Nanex Research

Nanex ~ 30-May-2012 ~ Nasdaq, Facebook, and Order Routing

We would like an explanation for the animated chart below. How can trading at Nasdaq not be affected, when our Regulation NMS requires that orders must be routed to the exchange at the National Best Bid or Offer (NBBO). Nasdaq was not the NBBO for over 2 hours. How could a broker prove that a customer received the best price when the only available (and official) audit trail (UQDF) doesn't include Nasdaq quotes for over 2 hours? More on Facebook IPO anomalies.

Update ~ 31-May-2012 ~ Here is one answer we received.

From the Securities Technology Monitor article Facing Up to a Real Time Trail:
At the very least, investors (and the SEC) might like to ask the Nasdaq for a peek at its Market Replay Pro tool that it developed to "validate best execution and Reg NMS compliance." That shows the "state of the NBBO ... at any point in time.''  
But Market Replay Pro only shows the state of the NBBO from Nasdaq's point of view. You also need to see the state of the NBBO from the point of view of  NYSE-Arca, BATS, BATS-Y, EDGE, EDGE-X and the other 5 exchanges quoting in Facebook that day. And then to verify data from each exchange view, you'd need to synchonize them in time.

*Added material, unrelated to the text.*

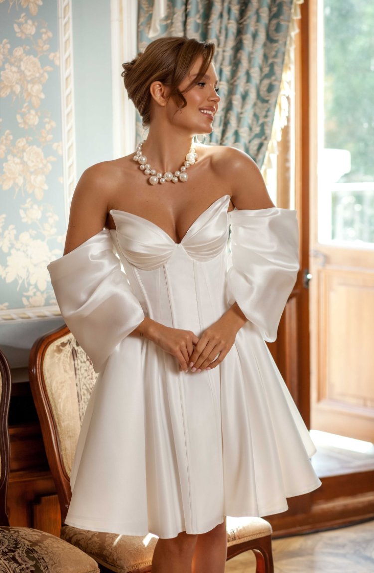 Платье нарядное из классического атласа с рукавами . Немного дерзости и романтизм!

Which is impossible, because the speed of trading is much faster than the granularity of reliable timestamps. There is a very good reason why Reg NMS mandated the use of a central SIP (Securities Information Processor) as the official reference for the National Best Bid or Offer rather than leave it up to each exchange individually to implement something like Nasdaq's Market Replay Pro.

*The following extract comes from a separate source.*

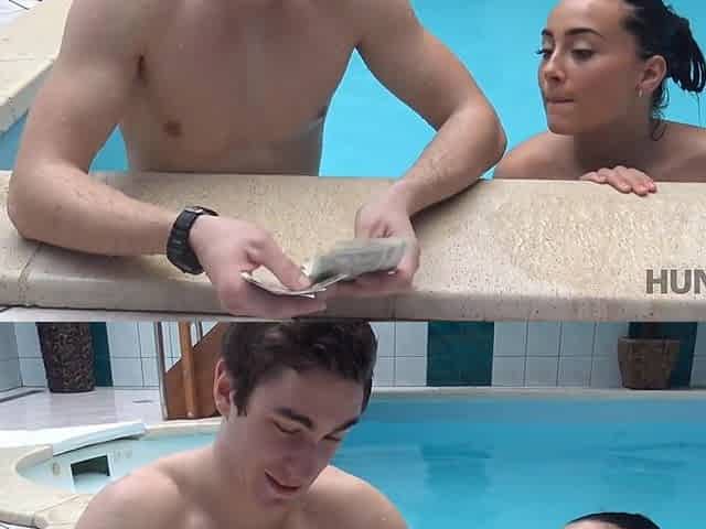 Poolside sex with a brunette who does not mind tasting strangers

The mere existence of this tool is the equivalent of a large neon sign proclaiming that Reg NMS, when it comes to the average investor, is no longer followed, and therefore, fundamentally broken.
In order to ensure that investors receive the best prices in Facebook (or any other stock), every order, when presented to an exchange, must be routed to another exchange if that other exchange has a better price. This is known as trade through price protection. Reg NMS set up the use of a SIP that would receive prices from each participating exchange and then display the best bid or offer for a stock in realtime. This is not an easy concept to grasp - even some at the SEC do not fully understand it, which is why we created a simulation program to help illustrate market routing. You can view a video we captured from this simulation tool here, and a more simplified view here. The SIP in these videos is the white box at the bottom. You can also download (bottom of page) this simulation tool (free).

By using a centralized SIP, Reg NMS made it possible for everyone, from traders to investors, to receive the National Best Bid or Offer from a single consolidated data feed (the SIP), rather than have to subscribe to every single exchange and aggregate the information themselves. And lots of people rely on the data from the SIP. Internalizers use prices from the SIP when internally matching customer orders. Brokers use prices from the SIP when filling out their quarterly reports of trade execution quality. And millions of subscribers pay exchange fees to receive and view data from the SIP.

But not High Frequency Traders (HFT). They use direct feeds, which Reg NMS allows - with the following condition: a direct feed may not receive core information (time, price, size) faster than it is sent to the SIP. Furthermore, exchanges are required to route orders based on the National Best Bid or Offer, which is defined in Reg NMS as the display price from the SIP, and not the price from the direct feed. Nasdaq itself makes this routing requirement clear in a recent rule change proposal. 

So when there is an exchange breakdown or problem, it allows us to see what is going on behind the curtain, so to speak. The feed breakdown in Facebook tells us that the 10 other exchanges could not have been using Nasdaq's quote from the SIP when making order routing decisions. They had to be relying on direct feeds. Which is fine if speed is the only concern, and regulations are merely guidelines. If the concern includes auditing and fair play, well, you many need to adjust your expectations accordingly.

Chart 1
Black dots show where Nasdaq was Best Bid or Offer (NBBO). Red/yellow shading is the NBBO spread that shows through when another exchange was NBBO.

Chart 2
Black dots show where Nasdaq trades executed (all day).

Animation of Charts 1 and 2, showing (1) where Nasdaq was National Best Bid or Offer and (2) where Nasdaq trades occurred.